Your instructions: The records below are to be returned word for word, with pictures left out.
── Records for the task
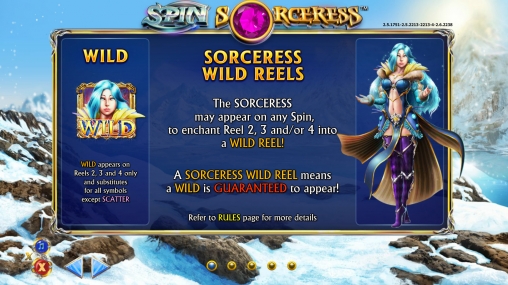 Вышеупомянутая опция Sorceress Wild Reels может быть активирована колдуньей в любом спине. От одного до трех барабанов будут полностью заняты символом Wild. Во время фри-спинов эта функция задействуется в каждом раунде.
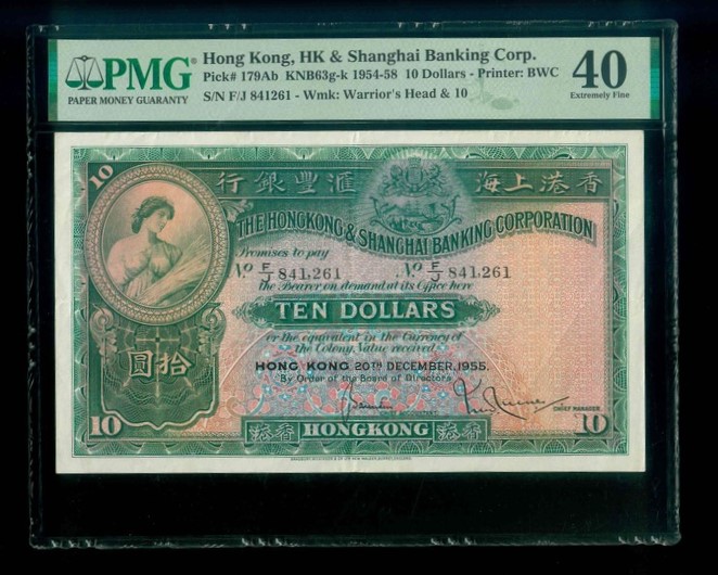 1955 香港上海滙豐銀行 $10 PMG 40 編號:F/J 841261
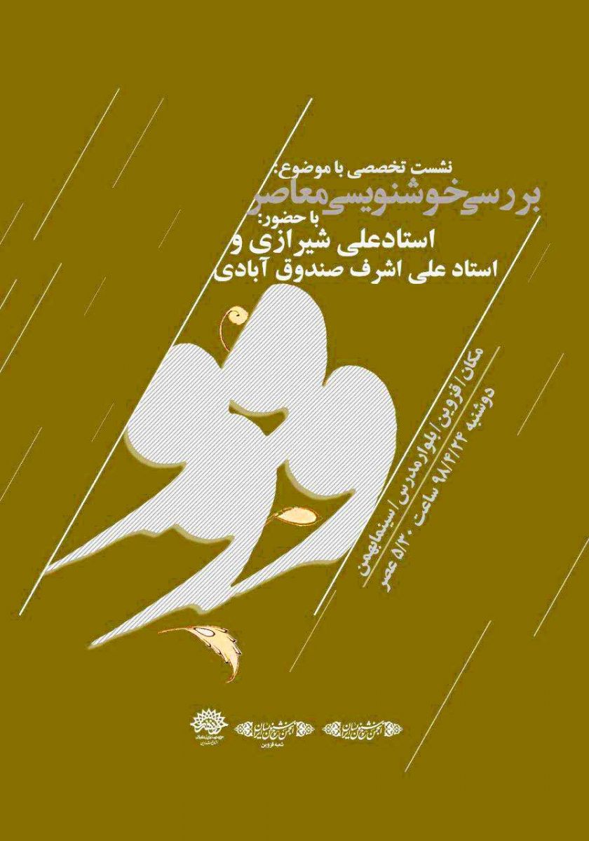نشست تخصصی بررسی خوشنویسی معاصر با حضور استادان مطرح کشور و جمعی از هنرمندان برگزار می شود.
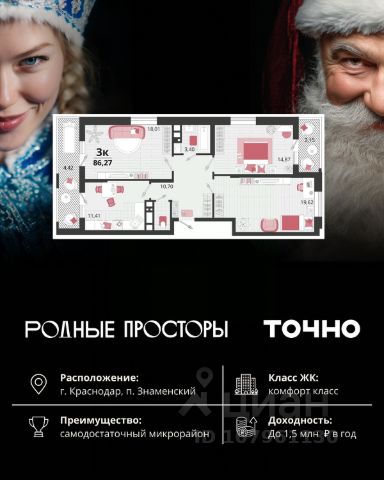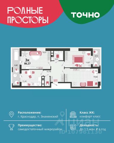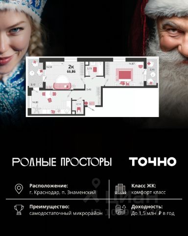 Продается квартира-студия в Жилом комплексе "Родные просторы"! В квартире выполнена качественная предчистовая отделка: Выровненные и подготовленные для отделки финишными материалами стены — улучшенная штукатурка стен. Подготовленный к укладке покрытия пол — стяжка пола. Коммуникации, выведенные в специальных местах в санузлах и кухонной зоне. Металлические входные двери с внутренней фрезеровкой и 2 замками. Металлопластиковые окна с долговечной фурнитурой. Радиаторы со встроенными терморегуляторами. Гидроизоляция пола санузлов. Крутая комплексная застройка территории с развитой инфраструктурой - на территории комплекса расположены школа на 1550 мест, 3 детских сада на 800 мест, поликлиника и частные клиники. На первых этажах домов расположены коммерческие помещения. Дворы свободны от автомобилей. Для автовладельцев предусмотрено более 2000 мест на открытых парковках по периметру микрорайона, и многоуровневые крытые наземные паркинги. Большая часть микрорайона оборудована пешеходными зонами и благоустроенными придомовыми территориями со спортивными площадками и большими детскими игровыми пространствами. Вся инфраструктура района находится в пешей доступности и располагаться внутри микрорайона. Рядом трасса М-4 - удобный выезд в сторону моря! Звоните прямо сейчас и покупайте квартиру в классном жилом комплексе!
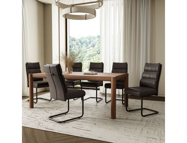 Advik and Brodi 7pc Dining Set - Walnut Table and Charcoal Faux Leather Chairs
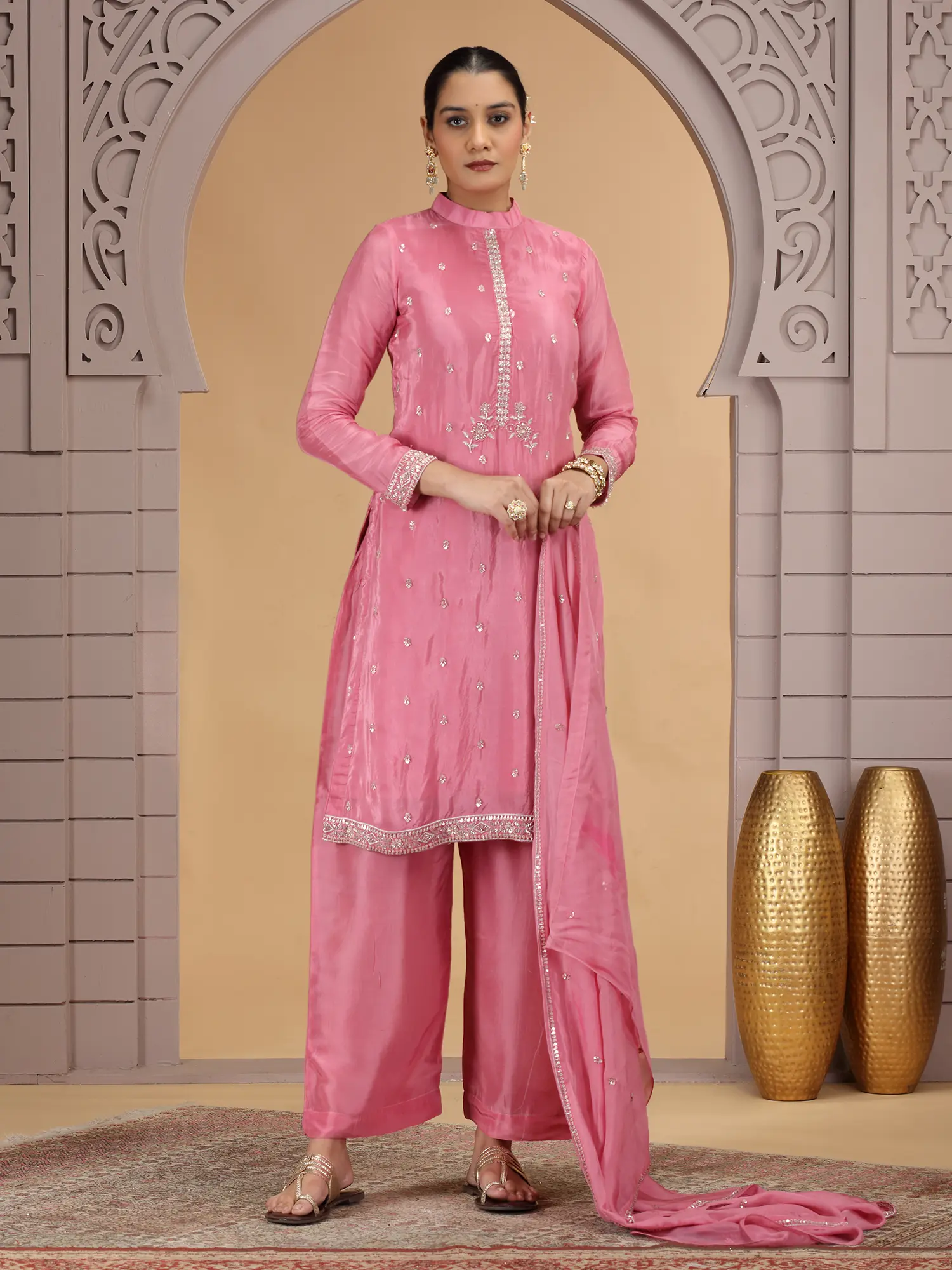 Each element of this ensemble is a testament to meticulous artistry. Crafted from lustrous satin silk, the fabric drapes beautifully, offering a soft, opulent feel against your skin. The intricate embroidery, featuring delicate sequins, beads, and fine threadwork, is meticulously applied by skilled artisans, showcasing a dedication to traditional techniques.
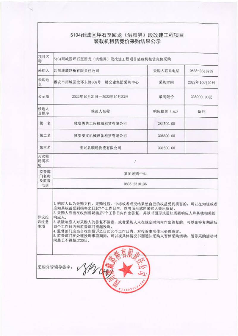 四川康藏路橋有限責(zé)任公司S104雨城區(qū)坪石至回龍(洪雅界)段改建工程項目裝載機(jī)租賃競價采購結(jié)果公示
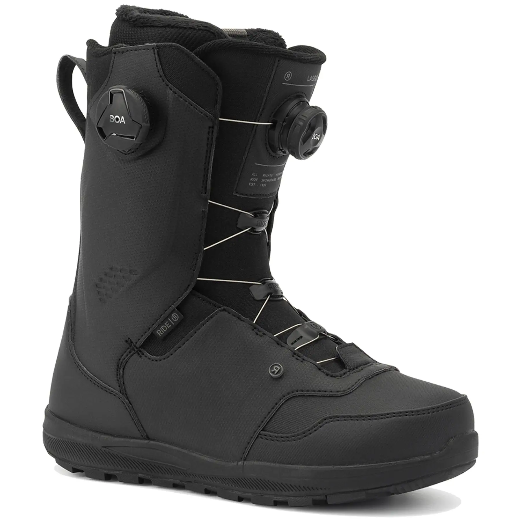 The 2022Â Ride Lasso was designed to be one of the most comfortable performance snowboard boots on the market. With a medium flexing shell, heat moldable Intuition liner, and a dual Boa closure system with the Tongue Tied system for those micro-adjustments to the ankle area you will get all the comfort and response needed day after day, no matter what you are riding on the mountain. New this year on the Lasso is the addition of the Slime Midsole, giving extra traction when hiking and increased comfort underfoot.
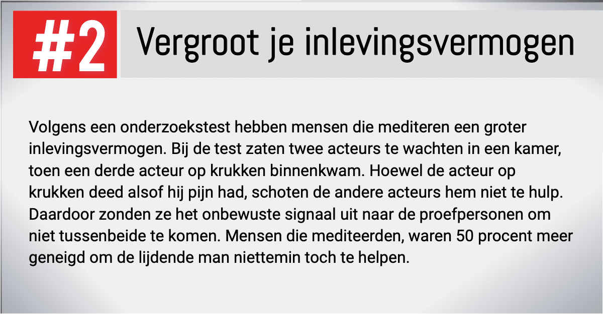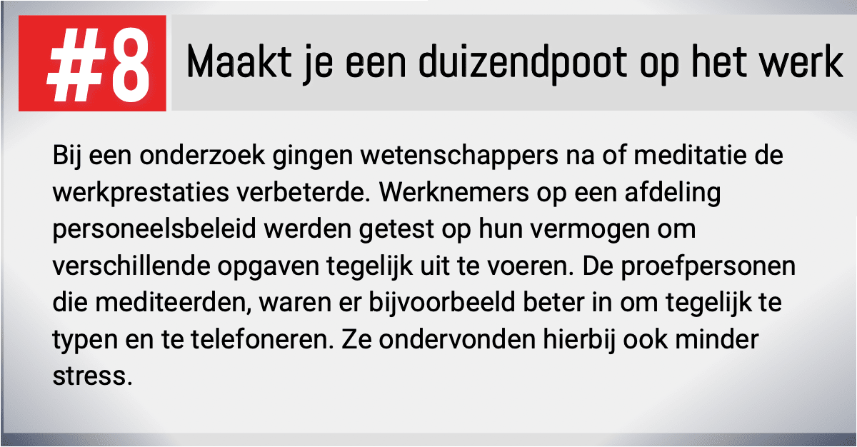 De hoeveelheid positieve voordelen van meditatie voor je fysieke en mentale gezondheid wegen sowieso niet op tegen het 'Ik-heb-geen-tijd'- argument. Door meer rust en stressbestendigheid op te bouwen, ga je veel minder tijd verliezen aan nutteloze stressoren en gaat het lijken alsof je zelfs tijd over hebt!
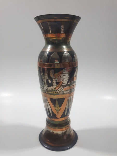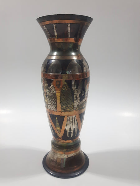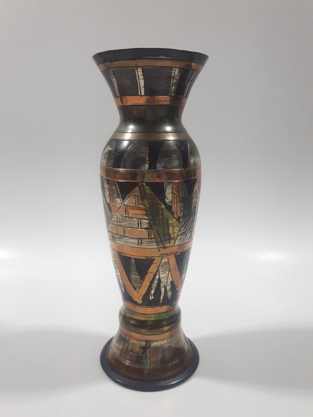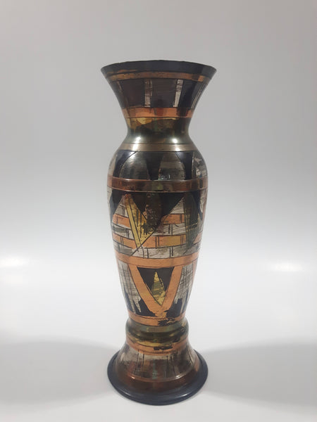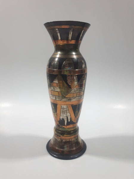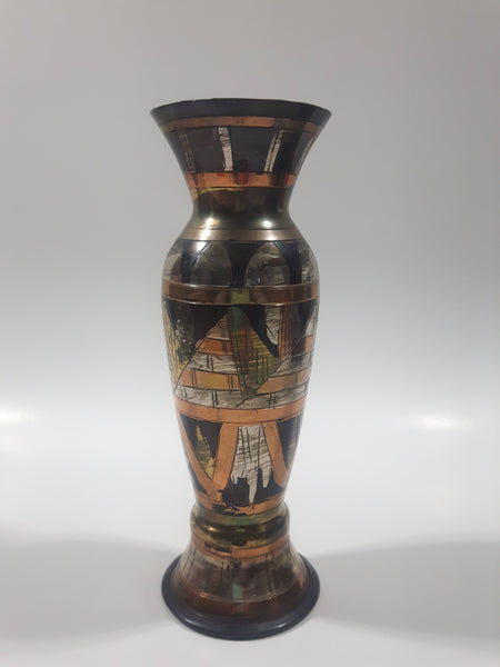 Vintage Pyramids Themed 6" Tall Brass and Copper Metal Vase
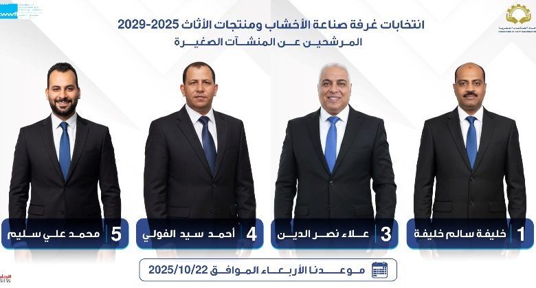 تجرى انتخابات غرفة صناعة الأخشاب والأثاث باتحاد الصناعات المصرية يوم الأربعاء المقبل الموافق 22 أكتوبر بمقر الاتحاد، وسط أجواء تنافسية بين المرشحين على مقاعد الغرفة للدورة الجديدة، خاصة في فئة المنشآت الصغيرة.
────
Output:
 Вышеупомянутая опция Sorceress Wild Reels может быть активирована колдуньей в любом спине. От одного до трех барабанов будут полностью заняты символом Wild. Во время фри-спинов эта функция задействуется в каждом раунде.
 1955 香港上海滙豐銀行 $10 PMG 40 編號:F/J 841261
نشست تخصصی بررسی خوشنویسی معاصر با حضور استادان مطرح کشور و جمعی از هنرمندان برگزار می شود.
 Продается квартира-студия в Жилом комплексе "Родные просторы"! В квартире выполнена качественная предчистовая отделка: Выровненные и подготовленные для отделки финишными материалами стены — улучшенная штукатурка стен. Подготовленный к укладке покрытия пол — стяжка пола. Коммуникации, выведенные в специальных местах в санузлах и кухонной зоне. Металлические входные двери с внутренней фрезеровкой и 2 замками. Металлопластиковые окна с долговечной фурнитурой. Радиаторы со встроенными терморегуляторами. Гидроизоляция пола санузлов. Крутая комплексная застройка территории с развитой инфраструктурой - на территории комплекса расположены школа на 1550 мест, 3 детских сада на 800 мест, поликлиника и частные клиники. На первых этажах домов расположены коммерческие помещения. Дворы свободны от автомобилей. Для автовладельцев предусмотрено более 2000 мест на открытых парковках по периметру микрорайона, и многоуровневые крытые наземные паркинги. Большая часть микрорайона оборудована пешеходными зонами и благоустроенными придомовыми территориями со спортивными площадками и большими детскими игровыми пространствами. Вся инфраструктура района находится в пешей доступности и располагаться внутри микрорайона. Рядом трасса М-4 - удобный выезд в сторону моря! Звоните прямо сейчас и покупайте квартиру в классном жилом комплексе!
 Advik and Brodi 7pc Dining Set - Walnut Table and Charcoal Faux Leather Chairs
 Each element of this ensemble is a testament to meticulous artistry. Crafted from lustrous satin silk, the fabric drapes beautifully, offering a soft, opulent feel against your skin. The intricate embroidery, featuring delicate sequins, beads, and fine threadwork, is meticulously applied by skilled artisans, showcasing a dedication to traditional techniques.
 四川康藏路橋有限責(zé)任公司S104雨城區(qū)坪石至回龍(洪雅界)段改建工程項目裝載機(jī)租賃競價采購結(jié)果公示
 The 2022Â Ride Lasso was designed to be one of the most comfortable performance snowboard boots on the market. With a medium flexing shell, heat moldable Intuition liner, and a dual Boa closure system with the Tongue Tied system for those micro-adjustments to the ankle area you will get all the comfort and response needed day after day, no matter what you are riding on the mountain. New this year on the Lasso is the addition of the Slime Midsole, giving extra traction when hiking and increased comfort underfoot.
 De hoeveelheid positieve voordelen van meditatie voor je fysieke en mentale gezondheid wegen sowieso niet op tegen het 'Ik-heb-geen-tijd'- argument. Door meer rust en stressbestendigheid op te bouwen, ga je veel minder tijd verliezen aan nutteloze stressoren en gaat het lijken alsof je zelfs tijd over hebt!
 Vintage Pyramids Themed 6" Tall Brass and Copper Metal Vase
 تجرى انتخابات غرفة صناعة الأخشاب والأثاث باتحاد الصناعات المصرية يوم الأربعاء المقبل الموافق 22 أكتوبر بمقر الاتحاد، وسط أجواء تنافسية بين المرشحين على مقاعد الغرفة للدورة الجديدة، خاصة في فئة المنشآت الصغيرة.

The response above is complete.